From Wikipedia, the free encyclopedia

This is an old revision of this page, as edited by Citation bot (talk | contribs) at 21:55, 29 January 2024 (Added doi-access. | Use this bot. Report bugs. | Suggested by Jay8g | #UCB_toolbar). The present address (URL) is a permanent link to this revision, which may differ significantly from the current revision.

Tretinoin
Clinical data
PronunciationSee pronunciation note
Trade namesRetin-a, Avita, Renova, others
Other namesATRA
AHFS/Drugs.comMonograph
Topical Monograph
MedlinePlusa608032
License data
Pregnancy
category
  • AU: X (High risk)/ (Oral); D (Topical)[1][2]
Routes of
administration
Topical, by mouth
ATC code
Legal status
Legal status
Pharmacokinetic data
Protein binding> 95%
Elimination half-life0.5–2 hours
Identifiers
  • (2E,4E,6E,8E)-3,7-Dimethyl-9-(2,6,6-trimethylcyclohexen-1-yl)nona-2,4,6,8-tetraenoic acid
CAS Number
PubChem CID
IUPHAR/BPS
DrugBank
ChemSpider
UNII
KEGG
ChEBI
ChEMBL
CompTox Dashboard (EPA)
ECHA InfoCard100.005.573 Edit this at Wikidata
Chemical and physical data
FormulaC20H28O2
Molar mass300.442 g·mol−1
3D model (JSmol)
Melting point180 °C (356 °F)
  • CC1=C(C(CCC1)(C)C)C=CC(=CC=CC(=CC(=O)O)C)C
  • InChI=1S/C20H28O2/c1-15(8-6-9-16(2)14-19(21)22)11-12-18-17(3)10-7-13-20(18,4)5/h6,8-9,11-12,14H,7,10,13H2,1-5H3,(H,21,22)/b9-6+,12-11+,15-8+,16-14+ checkY
  • Key:SHGAZHPCJJPHSC-YCNIQYBTSA-N checkY
  (verify)

Tretinoin, also known as all-trans retinoic acid (ATRA), is a medication used for the treatment of acne and acute promyelocytic leukemia.[8][9][10] For acne, it is applied to the skin as a cream, gel or ointment.[10] For leukemia, it is taken by mouth for up to three months.[8] Topical tretinoin is also the most extensively investigated retinoid therapy for photoaging.[11]

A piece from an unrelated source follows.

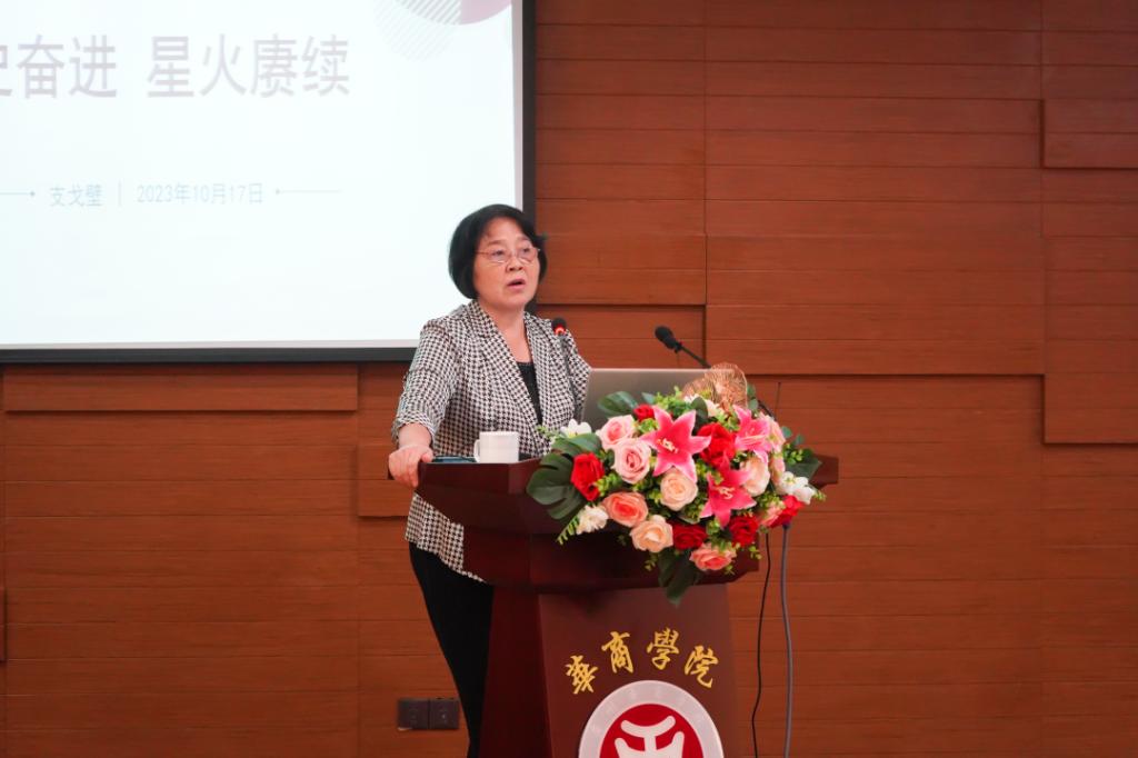 支戈壁副校长从时间和空间两个维度为新教职工进行校史教育,她围绕学校概况和学校“三个五年”发展历史,向各位新入职教职工详细地介绍学校的建设历程与发展节点,并着力阐述了我校师资队伍建设、国际化教育、实验平台建设、科研建设、教学建设与改革等8个方面所取得的突破与创新。支校长强调,建校18年来,学校始终坚持“创百年名校,育华夏英才”的宏伟目标。未来,学校将继续实施“立足大湾区,面向全国,走向世界”战略布局,以服务粤港澳大湾区经济社会发展为导向,形成以商科为主体,文科、工科和其他学科协调发展的办学格局,形成以学习者为中心的个性化教育新形态,构建与未来社会新技术、新业态、新职业相适应的人才培养体系,全面推进具有鲜明特色的高水平应用型大学建设。

Common side effects when used as a cream are limited to the skin and include skin redness, peeling, and sun sensitivity.[10] When used by mouth, side effects include shortness of breath, headache, numbness, depression, skin dryness, itchiness, hair loss, vomiting, muscle pains, and vision changes.[8] Other severe side effects include high white blood cell counts and blood clots.[8] Use during pregnancy is contraindicated due to the risk of birth defects.[8][1] It is in the retinoid family of medications.[9]

Tretinoin was patented in 1957, and approved for medical use in 1962.[12] It is on the World Health Organization's List of Essential Medicines.[13] Tretinoin is available as a generic medication.[14] In 2020, it was the 230th most commonly prescribed medication in the United States, with more than 2 million prescriptions.[15][16]

Medical uses

Skin use

Acne

Tretinoin is most commonly used to treat acne,[6] both inflammatory and noninflammatory. Multiple studies support the efficacy of topical retinoids in the treatment of acne vulgaris.[17][18] It is sometimes used in conjunction with other topical acne medications to enhance their penetration.[19] In addition to treating active acne, retinoids accelerate the resolution of acne-induced postinflammatory hyperpigmentation.[20] It is also useful as maintenance therapy for people who have responded well to their initial treatment, reducing the prolonged use of antibiotics for acne.[21]

Photoaging

Photoaging is premature skin aging resulting from prolonged and repeated exposure to solar radiation. Features of photoaging include fine and coarse wrinkles, change in skin pigmentation, and loss of elasticity. In human skin, topical retinoids increase collagen production, induce epidermal hyperplasia, and decrease keratinocyte and melanocyte atypia. Topical tretinoin is the most extensively investigated retinoid therapy for photoaging.[22] Topical tretinoin can be used for mild to severe photoaging in people of all skin types. Several weeks or months of use are typically required before improvement is appreciated. Although it has only been studied for a duration of two years, it may be continued indefinitely. A long-term maintenance regimen with a lower concentration or less frequent application may be an alternative to continued use.[23]

Leukemia

Tretinoin is used to induce remission in people with acute promyelocytic leukemia (APL) who have a mutation (the t(15;17) translocation that gives rise to the PML::RARα fusion gene). It is not used for maintenance therapy.[5][24][25]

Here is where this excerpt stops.